▸ EXERCISE DESCRIPTION
Leave every image behind and restate the data word for word.

*** DATA EXTRACT Section Begins ***

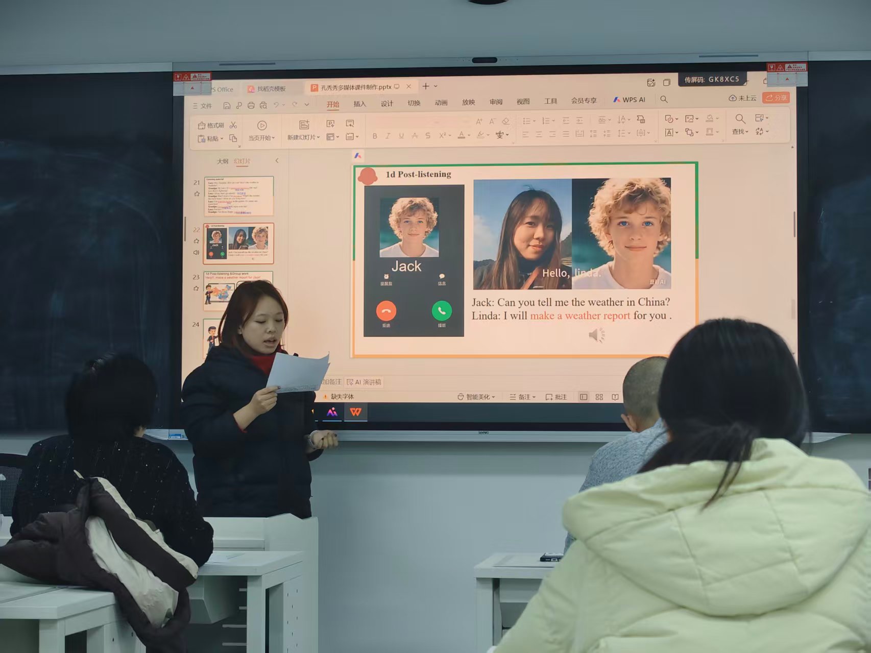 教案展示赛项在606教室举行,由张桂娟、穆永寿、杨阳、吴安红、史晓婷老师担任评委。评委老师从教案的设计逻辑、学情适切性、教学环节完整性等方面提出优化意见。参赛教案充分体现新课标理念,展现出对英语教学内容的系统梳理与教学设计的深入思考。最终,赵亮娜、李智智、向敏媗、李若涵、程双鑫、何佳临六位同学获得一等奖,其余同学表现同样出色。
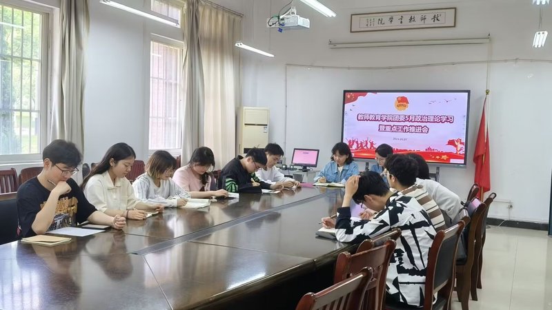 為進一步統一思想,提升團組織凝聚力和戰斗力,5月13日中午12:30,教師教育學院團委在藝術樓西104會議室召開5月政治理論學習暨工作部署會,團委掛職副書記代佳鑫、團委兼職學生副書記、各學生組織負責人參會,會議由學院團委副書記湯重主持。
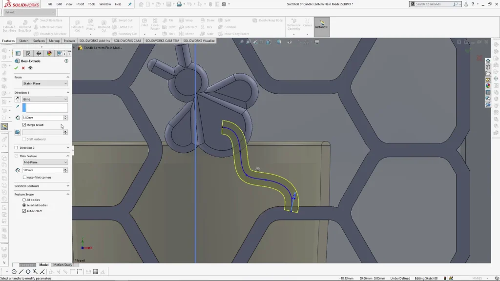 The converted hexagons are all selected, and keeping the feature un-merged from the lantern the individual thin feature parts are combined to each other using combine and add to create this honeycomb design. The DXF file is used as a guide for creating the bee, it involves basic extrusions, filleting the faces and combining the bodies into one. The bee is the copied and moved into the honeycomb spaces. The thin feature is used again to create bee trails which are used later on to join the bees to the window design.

*** DATA EXTRACT Section Ends ***

▸ SOLUTION
 教案展示赛项在606教室举行,由张桂娟、穆永寿、杨阳、吴安红、史晓婷老师担任评委。评委老师从教案的设计逻辑、学情适切性、教学环节完整性等方面提出优化意见。参赛教案充分体现新课标理念,展现出对英语教学内容的系统梳理与教学设计的深入思考。最终,赵亮娜、李智智、向敏媗、李若涵、程双鑫、何佳临六位同学获得一等奖,其余同学表现同样出色。
 為進一步統一思想,提升團組織凝聚力和戰斗力,5月13日中午12:30,教師教育學院團委在藝術樓西104會議室召開5月政治理論學習暨工作部署會,團委掛職副書記代佳鑫、團委兼職學生副書記、各學生組織負責人參會,會議由學院團委副書記湯重主持。
 The converted hexagons are all selected, and keeping the feature un-merged from the lantern the individual thin feature parts are combined to each other using combine and add to create this honeycomb design. The DXF file is used as a guide for creating the bee, it involves basic extrusions, filleting the faces and combining the bodies into one. The bee is the copied and moved into the honeycomb spaces. The thin feature is used again to create bee trails which are used later on to join the bees to the window design.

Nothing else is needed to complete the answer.